Top 5 Scientists Of Indian Origin At NASA

Share on FacebookShareTweet on TwitterTweet

Sharmila Bhattacharya


Born in Lagos, Nigeria, Sharmila Bhattacharya, who is heading the Biomodel Performance and behavior laboratory, at NASA Ames Research Center, is one of the top scientist of Indian origin at NASA. As a child, Bhattacharya’s dream was to become a pilot, but later in life her fascination with biology took over. She went to Princeton University to pursue a Ph.D. in Molecular Biology. Later, she went to Stanford for the post-doctoral research degree in Neurobiology. Before joining NASA, Bhattacharya has worked as a scientist at Lockheed Martin, which is a defense company of the United States. Talking about her work at NASA, she says, “I learned a tremendous amount and still continue to learn new things every day… It is through these experiences that I have realized how much we can achieve when we work together across national borders and across scientific and engineering disciplines.”


Ashwin R. Vasavada


Ashwin R. Vasavada is another Indian who makes to this list. Currently, the MSL deputy project scientist at NASA’s Jet Propulsion Laboratory in California, Vasavada’s key work involves researching the climate history of Mars, the weather on Jupiter and Saturn, and polar ices on Mercury and the Moon. He was also awarded with NASA Exceptional Achievement Medal in 2013 for his contributions. Vasavada got a Ph.D. in Planetary Science from California Institute of Technology. Some of the key spacecraft missions of NASA that this Tamil Brahman has been a part of include the Galileo Mission (Jupiter), the Cassini Mission (Saturn), Mars Polar Lander, and Mars Odyssey.


Meyya Meyyappan


Another Tamil Brahman in the top list of NASA scientist of Indian origin, Dr Meyya Meyyappan is currently chief scientist for Exploration Technology at NASA Ames Research Center in Moffett Field, California.
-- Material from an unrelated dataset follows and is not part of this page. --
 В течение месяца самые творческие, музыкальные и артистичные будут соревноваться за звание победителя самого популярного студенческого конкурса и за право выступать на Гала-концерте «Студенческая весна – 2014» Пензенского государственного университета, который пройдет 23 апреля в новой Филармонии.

Nanotechnology is his area of expertise and he has written and co-written more than 225 articles in peer-reviewed journals on various subjects of nanotechnology. For his significant contributions in the area of carbon nanotube application development, he also received the IEEE Pioneer Award in Nanotechnology.


Kamlesh Lulla


Kamlesh Lulla, a Baroda (India) lad, is director of the University Research, Collaboration and Partnership office at NASA’s Johnson Space Center (JSC), Houston, Texas (US). He has co-authored the book ‘Wings In Orbit’, which talks about various innovations made at NASA over the last 30 years. He has also been awarded the highest honour at NASA as Exceptional Achievement Medal in 2005. Ellison Onizuka Award received in 2012 is another feather in his hat.
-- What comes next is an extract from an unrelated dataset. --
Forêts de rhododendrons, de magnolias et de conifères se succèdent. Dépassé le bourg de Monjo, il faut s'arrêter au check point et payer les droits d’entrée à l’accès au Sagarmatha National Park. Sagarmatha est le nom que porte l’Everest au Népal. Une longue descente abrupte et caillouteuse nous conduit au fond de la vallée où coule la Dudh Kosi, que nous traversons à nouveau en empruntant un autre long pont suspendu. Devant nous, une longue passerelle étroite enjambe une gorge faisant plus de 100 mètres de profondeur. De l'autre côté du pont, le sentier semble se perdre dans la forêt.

Lulla’s inspiration for space science dates back to the year 1969, when he first heard the Voice of America radio broadcast of Neil Armstrong’s first steps on the moon. Lulla went to the M.S. University of Baroda and did dual bachelor’s in biology and chemistry in 1968 and 1969. He did master’s in 1972 and doctorate in 1976 in environmental science and ecology from the same University.

Anita Sengupta


Anita Sengupta is known for her contributions in designing parachute for the mission ‘Curiosity rover’ to Mars. She works as a project manager at NASA’s jet propulsion laboratory (JPL), Greater Los Angeles. Currently, her key project is an ultra–cold quantum gas experiment scheduled to be launched into the International Space Stationin the year 2016. Besides space science, Motorcycle riding is her another passion and she loves to explore places on two wheels.